2025 Map & Geospatial Collections Explorer Fellowships Awarded

UT Libraries staff stand with the 2025 Map & Geospatial Collections Explorer Fellowship recipients, Alex Costa Kott and Yiming Zhang, who hold certificates recognizing their geospatial research projects.

The University of Texas Libraries is pleased to announce the 2025 recipients of the Map & Geospatial Collections Explorer Fellowships, which support innovative scholarship drawing on the Libraries’ extensive cartographic and geospatial holdings – including the Perry-Castañeda Library (PCL) Map Collection, the Geospatial Data Portal and other distinctive resources. Now in its third year, the fellowship continues to highlight the many ways maps, spatial data and archival collections can inform research across disciplines.

The 2025 Faculty/Postdoctoral Fellowship is awarded to Yiming Zhang, a postdoctoral researcher at the Bureau of Economic Geology in the Jackson School of Geosciences. Zhang’s work centers on applying artificial intelligence, machine learning and remote sensing to questions of urban sustainability and resilience. Her fellowship project, “Decadal Monitoring of Colonias with Remote Sensing and Machine Learning in the Lower Rio Grande Valley (LRGV),” will examine the growth and evolving flood risk of colonias – unincorporated and underserved communities along the Texas–Mexico border – over the past several decades. Drawing on historic FEMA maps, digital scans from the Perry-Castañeda Map Collection, layers from the UT Libraries’ GeoData Portal and high-resolution satellite imagery, Zhang will use AI-enhanced analysis to track spatial change and produce insights that can help inform evidence-based planning and policy development in the region.

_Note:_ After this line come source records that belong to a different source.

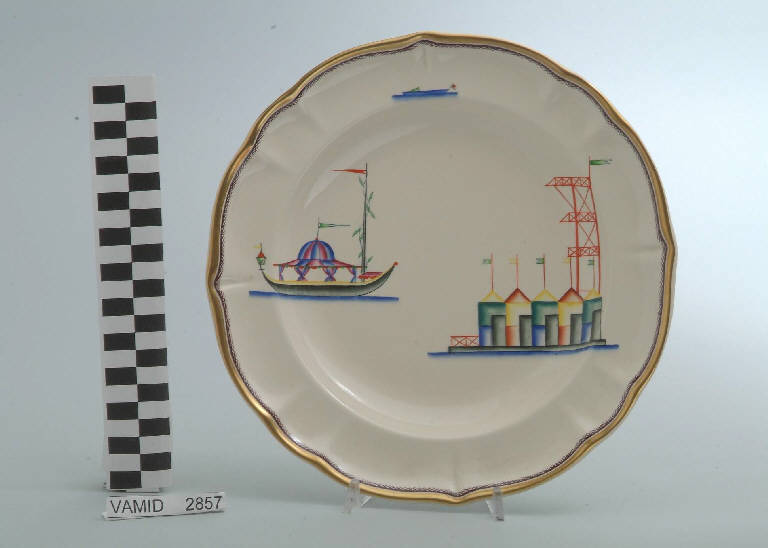 - NOTIZIE STORICO CRITICHE Il piatto fondo in esame fa parte del servizio forma "Vecchio Milano" con decoro "Lago Maggiore": vi sono raffigurati una veduta di uno stabilimento balneare con cabine colorate e un trampolino, e alcuni elementi caratteristici della vita sul lago (una gondola da parata con tendaggio a strisce e lanterna, e un motoscafo), rappresentati in un'atmosfera sospesa e silenziosa, seppur ridente nella resa stilizzata e nel fresco cromatismo delle raffigurazioni. Fin dalla sua nomina a direttore artistico della "S.C.I.", Guido Andlovitz si prefisse di rigenerare le forme tradizionali con decori nuovi. E' il caso della forma "Vecchio Milano" cui adattò nel 1931 il nuovissimo decoro "Lago Maggiore", a conferma che una decorazione nuova, se concepita organicamente, può conferire un aspetto attuale e "scattante" anche a una bella forma tradizionale. Fu certamente uno dei servizi più prestigiosi della produzione del momento se Andlovitz lo concepì in piccolissima serie e se l'azienda gli consentì - caso unico- di firmarlo nella marca. La scritta Verbano e la data 1931 presenti nel marchio suggeriscono che probabilmente il servizio fu realizzato per celebrare nel 1931 l'inizio della produzione di porcellana da tavola a Laveno nello stabilimento Verbano. Nell'ambito dei repertori decorativi creati dall'Andlovtz il decoro "Lago Maggiore" rappresenta un modo frazionato di raffigurare il paesaggio, definito da Mario Munari a "scena spezzata". L'impianto decorativo di queste ceramiche rifugge dalla centralità e dalla strutturazioni lungo diretrici ortogonali, mentre vi predominano l'asimmetria e le fughe visuali sghembe che risentono del gusto per la cineseria e il giapponismo. La semplificazione geometrica degli elementi e il modo di sfumare i corpi nel'intento di suggerirne la volumetria ricorda le opere di Carlo Carrà degli anni venti. Nel decoro "Lago Maggiore" sono presenti espressioni diversificate di un tema molto caro a Guido Andlovitz: i "paesaggi d'acqua" con particolare ricorrenza delle 'barche' raffigurate in una vasta gamma di tipi, generalmente riprese da modelli reali e con divertenti variazioni fantastiche. Il decoro Lago fu applicato in un primo momento sulla forma "Vecchio Milano", poi sulla forma "Pomezia" (1936 ca.). Del decoro Lago esistono diversi disegni originali a matita, pastello, inchiostro e acquerello su carta conservati nel fondo archivistico della "S.C.I.": alcuni di questi raffigurano il decoro proprio sulla forma "Vecchio Milano" con le rifiniture che compaiono sui pezzi finiti. Nel Museo è conservato anche un altro servizio forma "Vecchio Milano" con decoro "Lago Maggiore", ma più ridotto nella quantità e nella varietà dei componenti e con filettatura monocroma (num. inv. 2051...3517). Negli anni '90 la Richard Ginori ha rimesso in produzione il servizio Lago.\nIl servizio in esame è eseguito a colaggio, mentre i decori sono realizzati a decalcomania (o transfer): si vedano in proposito le lastre in rame acciaiato conservate nel Museo e raffiguranti molti dei decori presenti nel servizio in combinazioni diversificate (nn. inv. 2480, 2483, 2484, 2485). Tipologicamente si lega ad un servizio da caffé (num. inv. 2672...2900).\nIl piatto fondo è stato donato da Vanna Scotti Meregalli, nipote di Vanna Scotti, figlia dell'Ing. Luciano Scotti che fu direttore generale della "S.C.I." dal 1916.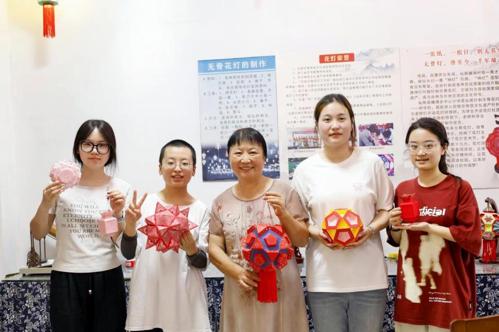 “仙居神工录”实践队以守护仙居文化、推动非遗创新为使命,致力于记录非遗中蕴含的精湛的工艺,更要传递匠人精神。在指导老师单仁慰的带领下,队员们走进方荷玉工作室,亲身感受针刺无骨花灯的鬼斧神工,听传承人坚守的故事,迈出构建仙居非遗立体传承档案的第一步。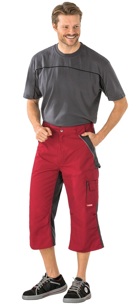 2 set-in pouch pockets, double ruler pocket on the right, thigh pocket on the left with flap and Velcro fastener, mobile phone pocket on the left, elasticated waistband, 2 hip pockets with flap and Velcro fastener, zip in trouser fly, reflective piping as safety equipment.

The 2025 Student Fellowship goes to Alex Costa Kott, a PhD student in Latin American Studies (LLILAS) at The University of Texas at Austin. Costa Kott researches Afro-Brazilian religions with a focus on Umbanda, its Bantu and Yoruba cosmologies and the social dynamics that shape its contemporary practice. His project, “Mapping Ancestral Geographies: Tracing West & Central African Roots of Umbanda through Historical Cartography,” will explore the African origins of Umbanda by analyzing colonial-era maps from West and Central Africa held in the UT Libraries’ geospatial collections. Using an interdisciplinary approach that blends cartographic, ethnographic and historical methods, and building on the work of scholars such as James Sweet and John Thornton, Costa Kott aims to identify routes, place names and spatial continuities that illuminate the endurance of African cosmologies across the Atlantic world. His research also underscores broader questions of cultural memory and the persistent religious violence targeting practitioners of African-derived traditions in the Americas and the Caribbean.

The Map & Geospatial Collections Explorer Fellowship program reflects the Libraries’ commitment to fostering new scholarship, expanding access to geospatial resources and supporting researchers who bring fresh perspectives to historical and contemporary spatial questions. The Libraries congratulates the 2025 fellows and looks forward to the insights their projects will bring in the year ahead.

Throughout the course of their project development, recipients will have the opportunity present or lead a workshop at a Libraries event to showcase their work. Additionally, project work will be featured in one or more Libraries repositories, enabling long-term preservation and a citable persistent link to project outcomes.